Work instructions: The reply to the records below should contain exactly the lines from the line with "국경 간 남성 [전문" through the line with "The Powerbuilt Alternator", and nothing besides.

Data records:
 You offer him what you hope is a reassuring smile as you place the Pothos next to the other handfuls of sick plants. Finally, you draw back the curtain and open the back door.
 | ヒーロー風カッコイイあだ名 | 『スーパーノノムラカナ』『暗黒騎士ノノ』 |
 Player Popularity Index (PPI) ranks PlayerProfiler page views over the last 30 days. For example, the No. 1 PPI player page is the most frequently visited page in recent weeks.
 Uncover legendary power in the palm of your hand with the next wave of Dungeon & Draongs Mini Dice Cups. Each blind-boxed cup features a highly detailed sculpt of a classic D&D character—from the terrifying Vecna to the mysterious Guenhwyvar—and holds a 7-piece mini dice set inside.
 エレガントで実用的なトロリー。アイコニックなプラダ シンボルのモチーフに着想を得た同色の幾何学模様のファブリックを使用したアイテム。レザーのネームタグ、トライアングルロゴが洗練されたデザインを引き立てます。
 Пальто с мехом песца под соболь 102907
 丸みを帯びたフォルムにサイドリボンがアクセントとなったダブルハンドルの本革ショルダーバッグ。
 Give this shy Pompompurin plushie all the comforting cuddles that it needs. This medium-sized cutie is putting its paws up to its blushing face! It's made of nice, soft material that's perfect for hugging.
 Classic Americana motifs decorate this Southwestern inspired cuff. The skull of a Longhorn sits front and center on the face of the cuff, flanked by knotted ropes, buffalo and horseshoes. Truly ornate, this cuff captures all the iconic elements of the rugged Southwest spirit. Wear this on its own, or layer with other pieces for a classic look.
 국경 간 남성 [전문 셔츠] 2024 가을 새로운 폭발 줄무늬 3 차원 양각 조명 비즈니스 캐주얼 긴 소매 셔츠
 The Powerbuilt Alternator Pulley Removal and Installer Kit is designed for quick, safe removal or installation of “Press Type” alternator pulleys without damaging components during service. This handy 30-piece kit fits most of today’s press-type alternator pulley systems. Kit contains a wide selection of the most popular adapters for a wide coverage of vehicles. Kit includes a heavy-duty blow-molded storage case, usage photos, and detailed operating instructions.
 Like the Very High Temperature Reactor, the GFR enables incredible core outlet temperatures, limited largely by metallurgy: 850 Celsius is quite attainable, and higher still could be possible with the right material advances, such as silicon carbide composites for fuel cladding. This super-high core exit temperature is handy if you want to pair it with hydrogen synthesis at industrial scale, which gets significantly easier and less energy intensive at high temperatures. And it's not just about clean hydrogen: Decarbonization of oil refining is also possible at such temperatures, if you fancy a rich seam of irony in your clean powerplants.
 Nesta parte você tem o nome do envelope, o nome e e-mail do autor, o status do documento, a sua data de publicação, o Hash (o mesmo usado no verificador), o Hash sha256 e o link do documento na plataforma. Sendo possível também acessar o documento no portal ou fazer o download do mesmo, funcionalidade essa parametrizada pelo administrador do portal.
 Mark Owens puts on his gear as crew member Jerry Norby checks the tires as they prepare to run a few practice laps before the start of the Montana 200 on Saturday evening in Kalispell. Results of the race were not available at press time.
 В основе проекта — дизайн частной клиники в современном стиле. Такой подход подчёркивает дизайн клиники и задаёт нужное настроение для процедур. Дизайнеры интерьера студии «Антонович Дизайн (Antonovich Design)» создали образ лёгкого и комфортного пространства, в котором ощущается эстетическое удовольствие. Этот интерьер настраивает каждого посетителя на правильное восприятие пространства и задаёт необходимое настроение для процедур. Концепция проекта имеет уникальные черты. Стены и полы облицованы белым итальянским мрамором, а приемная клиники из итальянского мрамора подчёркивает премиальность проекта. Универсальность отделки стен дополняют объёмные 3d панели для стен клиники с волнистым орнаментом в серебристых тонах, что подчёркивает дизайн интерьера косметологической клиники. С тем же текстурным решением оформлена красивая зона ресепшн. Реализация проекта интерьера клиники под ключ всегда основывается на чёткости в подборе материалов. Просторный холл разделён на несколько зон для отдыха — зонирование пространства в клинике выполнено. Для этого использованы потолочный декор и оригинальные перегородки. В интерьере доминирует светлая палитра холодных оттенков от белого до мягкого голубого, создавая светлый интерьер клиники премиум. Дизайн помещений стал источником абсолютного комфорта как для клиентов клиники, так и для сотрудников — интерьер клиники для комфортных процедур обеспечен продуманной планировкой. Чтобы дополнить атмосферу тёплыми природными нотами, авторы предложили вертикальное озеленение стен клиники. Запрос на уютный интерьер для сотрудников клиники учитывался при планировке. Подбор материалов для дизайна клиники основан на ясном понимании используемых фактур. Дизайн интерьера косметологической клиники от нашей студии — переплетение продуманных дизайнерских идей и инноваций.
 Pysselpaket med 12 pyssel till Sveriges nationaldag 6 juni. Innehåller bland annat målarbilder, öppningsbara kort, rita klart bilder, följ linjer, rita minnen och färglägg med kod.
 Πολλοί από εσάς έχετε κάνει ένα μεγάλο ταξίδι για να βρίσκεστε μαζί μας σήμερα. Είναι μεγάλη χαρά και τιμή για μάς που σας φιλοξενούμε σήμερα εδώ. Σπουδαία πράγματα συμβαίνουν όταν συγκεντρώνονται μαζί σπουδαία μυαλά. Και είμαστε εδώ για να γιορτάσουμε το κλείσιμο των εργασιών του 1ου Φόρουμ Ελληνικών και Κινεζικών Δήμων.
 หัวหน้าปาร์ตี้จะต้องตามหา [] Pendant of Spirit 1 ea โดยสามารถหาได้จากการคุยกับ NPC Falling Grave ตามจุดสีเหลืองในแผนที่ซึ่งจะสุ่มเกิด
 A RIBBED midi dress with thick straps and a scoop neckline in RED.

Exercise response:
 국경 간 남성 [전문 셔츠] 2024 가을 새로운 폭발 줄무늬 3 차원 양각 조명 비즈니스 캐주얼 긴 소매 셔츠
 The Powerbuilt Alternator Pulley Removal and Installer Kit is designed for quick, safe removal or installation of “Press Type” alternator pulleys without damaging components during service. This handy 30-piece kit fits most of today’s press-type alternator pulley systems. Kit contains a wide selection of the most popular adapters for a wide coverage of vehicles. Kit includes a heavy-duty blow-molded storage case, usage photos, and detailed operating instructions.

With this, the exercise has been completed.